* _AIM OF THE EXERCISE_: Starting with the first line and ending with the last, transcribe the data exactly.

* _DATA_:
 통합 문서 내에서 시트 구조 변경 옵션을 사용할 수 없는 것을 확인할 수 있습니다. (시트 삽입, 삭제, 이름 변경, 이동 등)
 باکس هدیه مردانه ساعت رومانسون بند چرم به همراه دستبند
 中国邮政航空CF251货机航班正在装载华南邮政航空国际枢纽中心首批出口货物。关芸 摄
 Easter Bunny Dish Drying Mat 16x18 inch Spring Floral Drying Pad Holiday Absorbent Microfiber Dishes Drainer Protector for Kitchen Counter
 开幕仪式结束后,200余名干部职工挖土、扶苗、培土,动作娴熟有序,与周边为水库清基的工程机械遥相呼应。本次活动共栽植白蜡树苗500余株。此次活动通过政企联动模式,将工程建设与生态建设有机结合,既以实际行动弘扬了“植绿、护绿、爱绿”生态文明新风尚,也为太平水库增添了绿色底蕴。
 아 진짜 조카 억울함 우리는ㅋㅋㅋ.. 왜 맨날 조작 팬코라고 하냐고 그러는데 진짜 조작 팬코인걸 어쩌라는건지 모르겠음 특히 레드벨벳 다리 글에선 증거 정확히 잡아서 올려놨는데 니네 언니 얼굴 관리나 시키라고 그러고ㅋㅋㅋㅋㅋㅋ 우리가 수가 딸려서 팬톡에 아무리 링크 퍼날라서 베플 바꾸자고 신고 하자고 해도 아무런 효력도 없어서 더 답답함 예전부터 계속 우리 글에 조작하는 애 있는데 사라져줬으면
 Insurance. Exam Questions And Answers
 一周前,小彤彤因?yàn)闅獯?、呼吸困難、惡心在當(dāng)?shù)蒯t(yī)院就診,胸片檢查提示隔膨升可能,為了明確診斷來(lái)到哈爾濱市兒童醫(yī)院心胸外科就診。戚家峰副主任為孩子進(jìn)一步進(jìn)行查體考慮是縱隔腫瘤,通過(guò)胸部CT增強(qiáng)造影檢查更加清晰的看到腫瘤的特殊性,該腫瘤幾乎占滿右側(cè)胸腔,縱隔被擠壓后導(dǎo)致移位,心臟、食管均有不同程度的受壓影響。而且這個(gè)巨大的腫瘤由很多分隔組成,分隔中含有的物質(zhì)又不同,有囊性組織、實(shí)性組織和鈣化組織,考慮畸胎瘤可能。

* _ANSWER FOR THIS EXERCISE_:
 통합 문서 내에서 시트 구조 변경 옵션을 사용할 수 없는 것을 확인할 수 있습니다. (시트 삽입, 삭제, 이름 변경, 이동 등)
 باکس هدیه مردانه ساعت رومانسون بند چرم به همراه دستبند
 中国邮政航空CF251货机航班正在装载华南邮政航空国际枢纽中心首批出口货物。关芸 摄
 Easter Bunny Dish Drying Mat 16x18 inch Spring Floral Drying Pad Holiday Absorbent Microfiber Dishes Drainer Protector for Kitchen Counter
 开幕仪式结束后,200余名干部职工挖土、扶苗、培土,动作娴熟有序,与周边为水库清基的工程机械遥相呼应。本次活动共栽植白蜡树苗500余株。此次活动通过政企联动模式,将工程建设与生态建设有机结合,既以实际行动弘扬了“植绿、护绿、爱绿”生态文明新风尚,也为太平水库增添了绿色底蕴。
 아 진짜 조카 억울함 우리는ㅋㅋㅋ.. 왜 맨날 조작 팬코라고 하냐고 그러는데 진짜 조작 팬코인걸 어쩌라는건지 모르겠음 특히 레드벨벳 다리 글에선 증거 정확히 잡아서 올려놨는데 니네 언니 얼굴 관리나 시키라고 그러고ㅋㅋㅋㅋㅋㅋ 우리가 수가 딸려서 팬톡에 아무리 링크 퍼날라서 베플 바꾸자고 신고 하자고 해도 아무런 효력도 없어서 더 답답함 예전부터 계속 우리 글에 조작하는 애 있는데 사라져줬으면
 Insurance. Exam Questions And Answers
 一周前,小彤彤因?yàn)闅獯?、呼吸困難、惡心在當(dāng)?shù)蒯t(yī)院就診,胸片檢查提示隔膨升可能,為了明確診斷來(lái)到哈爾濱市兒童醫(yī)院心胸外科就診。戚家峰副主任為孩子進(jìn)一步進(jìn)行查體考慮是縱隔腫瘤,通過(guò)胸部CT增強(qiáng)造影檢查更加清晰的看到腫瘤的特殊性,該腫瘤幾乎占滿右側(cè)胸腔,縱隔被擠壓后導(dǎo)致移位,心臟、食管均有不同程度的受壓影響。而且這個(gè)巨大的腫瘤由很多分隔組成,分隔中含有的物質(zhì)又不同,有囊性組織、實(shí)性組織和鈣化組織,考慮畸胎瘤可能。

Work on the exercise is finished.